→ Exercise details:
An exact transcription of all the records, free of pictures, is the expected answer.

Source records
########

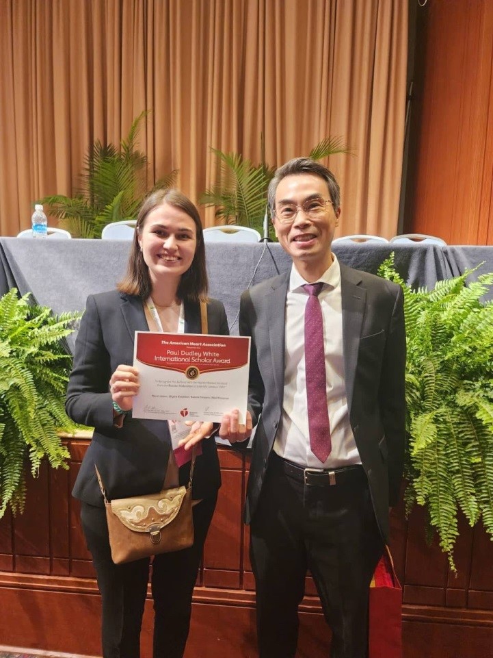 Президент Американской ассоциации сердца Joseph C. Wu вручает награду Д.Р.Хастиевой
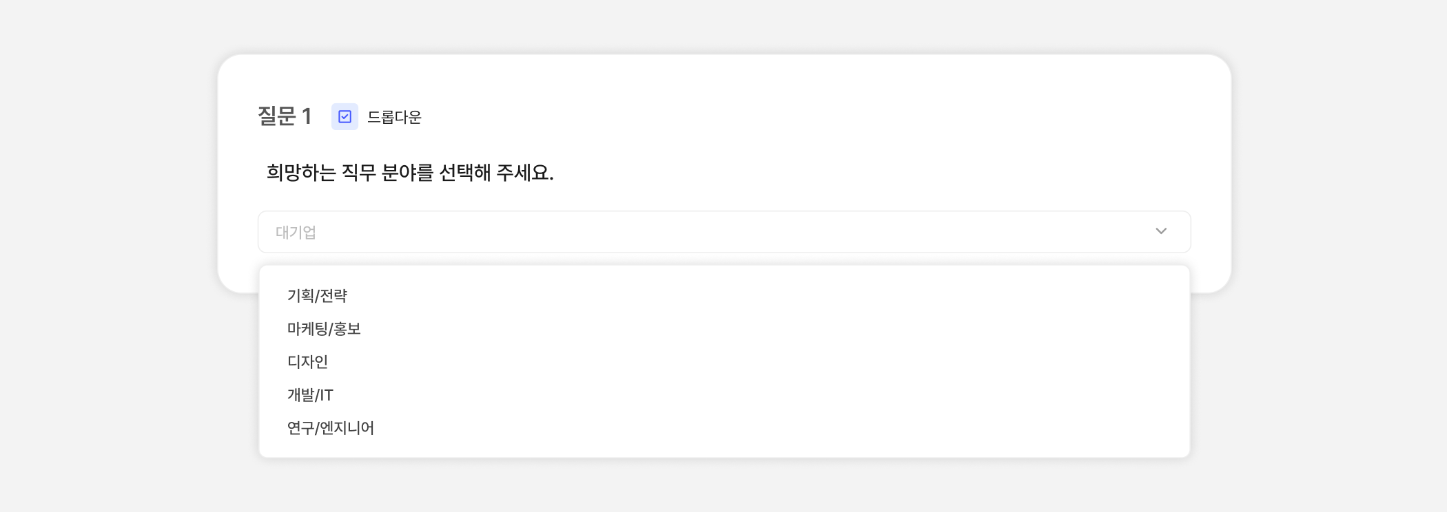 관리자가 입력한 항목이 드롭다운 형태로 보여지는 질문 유형이에요. 참여자들은 드롭다운 항목 중 하나를 답변으로 제출할 수 있어요.
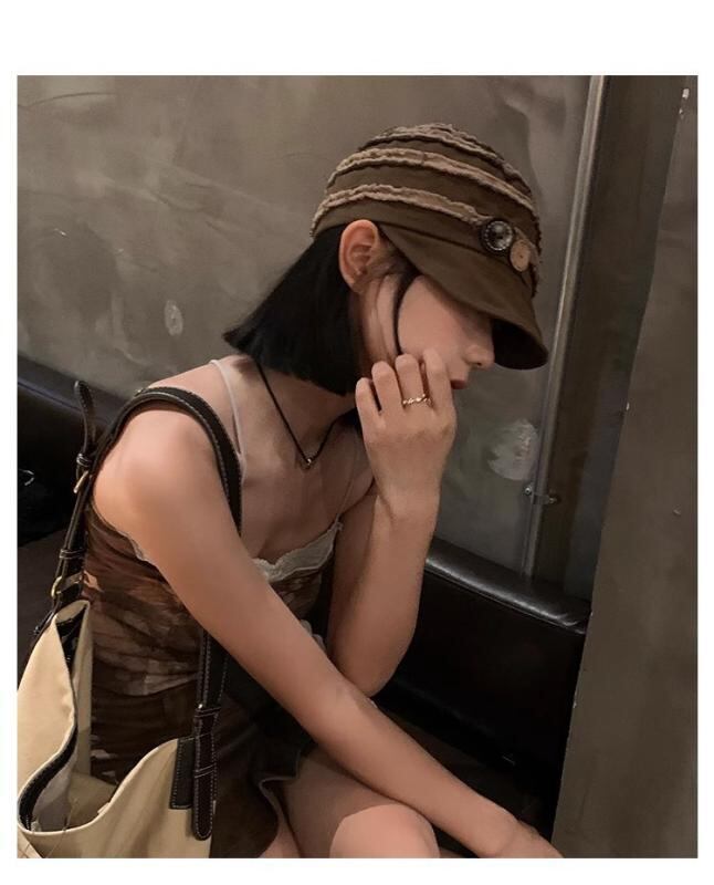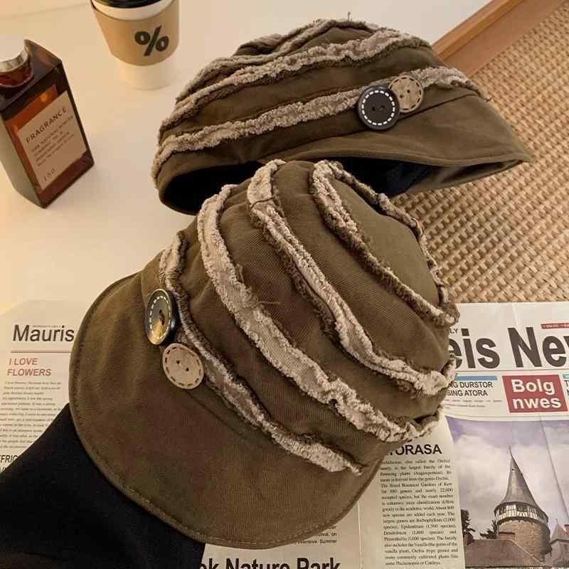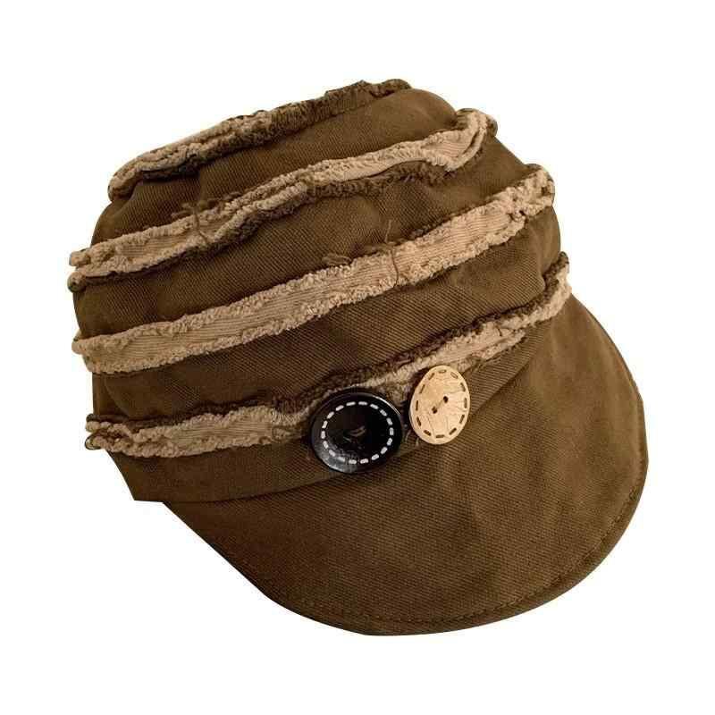 バケットハット レディース レトロ ヒッピー フリンジ パッチワーク 切り替え ボタン プリーツ 小顔効果 ストリート ソフトトップ Y2K 秋冬 ブラウン ポリエステル 通気性 保温 日よけ 韓国風 かわいい フェミニン
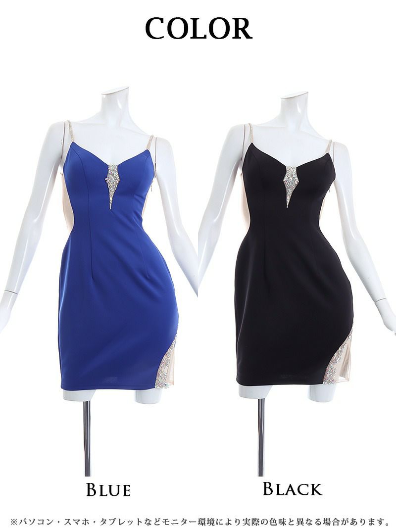 ビビッドカラーでクール美女! 【Angel R/エンジェルアール】360度美しい高級ビジュー付きタイトキャバドレス(S/M)(ブラック/ブルー)
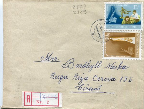 Albania: 1996 registered cover with its contents from Korce to Tirane franked with 30q and 1,20l First Albanian Schools stamps. Reverse next day arrival cds. Sc. 2239, 2241 – Sg. 2327, 2329

########

→ Answer for the task:
 Президент Американской ассоциации сердца Joseph C. Wu вручает награду Д.Р.Хастиевой
 관리자가 입력한 항목이 드롭다운 형태로 보여지는 질문 유형이에요. 참여자들은 드롭다운 항목 중 하나를 답변으로 제출할 수 있어요.
 バケットハット レディース レトロ ヒッピー フリンジ パッチワーク 切り替え ボタン プリーツ 小顔効果 ストリート ソフトトップ Y2K 秋冬 ブラウン ポリエステル 通気性 保温 日よけ 韓国風 かわいい フェミニン
 ビビッドカラーでクール美女! 【Angel R/エンジェルアール】360度美しい高級ビジュー付きタイトキャバドレス(S/M)(ブラック/ブルー)
 Albania: 1996 registered cover with its contents from Korce to Tirane franked with 30q and 1,20l First Albanian Schools stamps. Reverse next day arrival cds. Sc. 2239, 2241 – Sg. 2327, 2329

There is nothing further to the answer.